Step 2: If UH, check EDS — does the source see the destination's endpoints?
   istioctl pc endpoint payments-api-xxx --cluster '*payments-backend*'

Step 3: If endpoints look right, check the destination side.
   istioctl pc log payments-backend-xxx
   Look for sidecar startup time, mTLS cert mismatches.

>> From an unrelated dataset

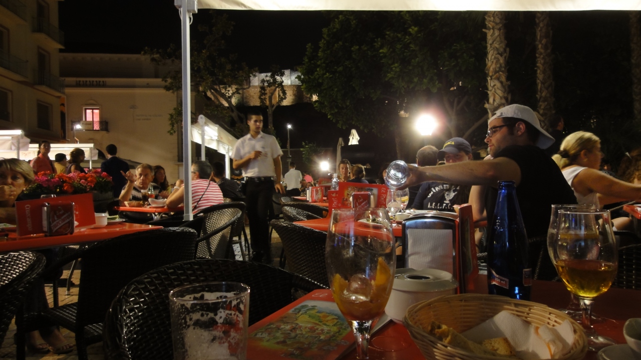 グラナダ通り沿いにお店の入り口はありますが、アルカサビリャ通り側から入ると、わりと広い敷地にたくさんの屋外テーブル席があります。

Step 4: Common root causes for this exact pattern:
   - Backend pods restarting faster than EDS propagates → set
     terminationGracePeriodSeconds on pods, drain via preStop hook.
   - Outlier detection ejecting healthy pods → tune consecutiveErrors
     thresholds.
   - Sidecar OOMKilled because backend bursts traffic to it →
     bump sidecar memory request.

This kind of triage is impossible without knowing the mesh’s data model. Which is why the chapter exists.

Common mistakes

1. Adopting a mesh because it’s trendy. It’s a tax. Make sure you collect.
2. Sidecar without resource requests. Sidecar OOMs cause weird app errors.
3. Both app and mesh retry. Pick one layer; disable on the other.
4. PERMISSIVE forever. STRICT mTLS is the goal; staying PERMISSIVE means you don’t know what’s encrypted.
5. Ignoring control-plane HA. Istiod is a SPOF for cert rotation. Run multiple replicas across zones.
6. Treating VirtualService as immutable. Route changes need canary + monitoring like any deploy.

Tools tier list

Tier S (cold)
  istioctl / linkerd CLI / cilium CLI, kubectl + access to sidecar logs

Tier A (worth a week)
  Argo Rollouts + mesh integration (auto-canary)
  Kiali (Istio service graph), Linkerd dashboard
  GoldPinger (mesh-level synthetic checks)

Tier B
  Custom EnvoyFilter (you're going off-paved-road)
  WASM filters in Envoy (powerful, niche)
  SPIRE / SPIFFE for cross-cluster identity

Tier F
  Mesh in front of Kafka/queues. Wrong layer.
  iptables hand-tuned to "fix" sidecar redirection. You'll regret it.

Stay current

• Istio docs — sidecar + ambient mode reference
• Linkerd docs — Rust-based, simpler alternative
• Cilium service mesh — eBPF-native mesh
• Envoy docs — the data plane underneath most meshes

Key Takeaways

1. A mesh is a tax with a payback — adopt it when the cross-cutting library cost dominates.
2. Envoy + xDS is the underlying data model of Istio, Cilium, Consul Connect. Learn it once.
3. Ambient / eBPF meshes are the future at scale — sidecar overhead becomes brutal past 10k pods.
4. mTLS + workload identity-based authz is what makes a mesh strategically valuable.
5. Retry budgets, not multiplicative retries — pick one layer to retry from.
6. The mesh adds failure modes — control plane HA, cert TTLs, sidecar OOMs are now your problem.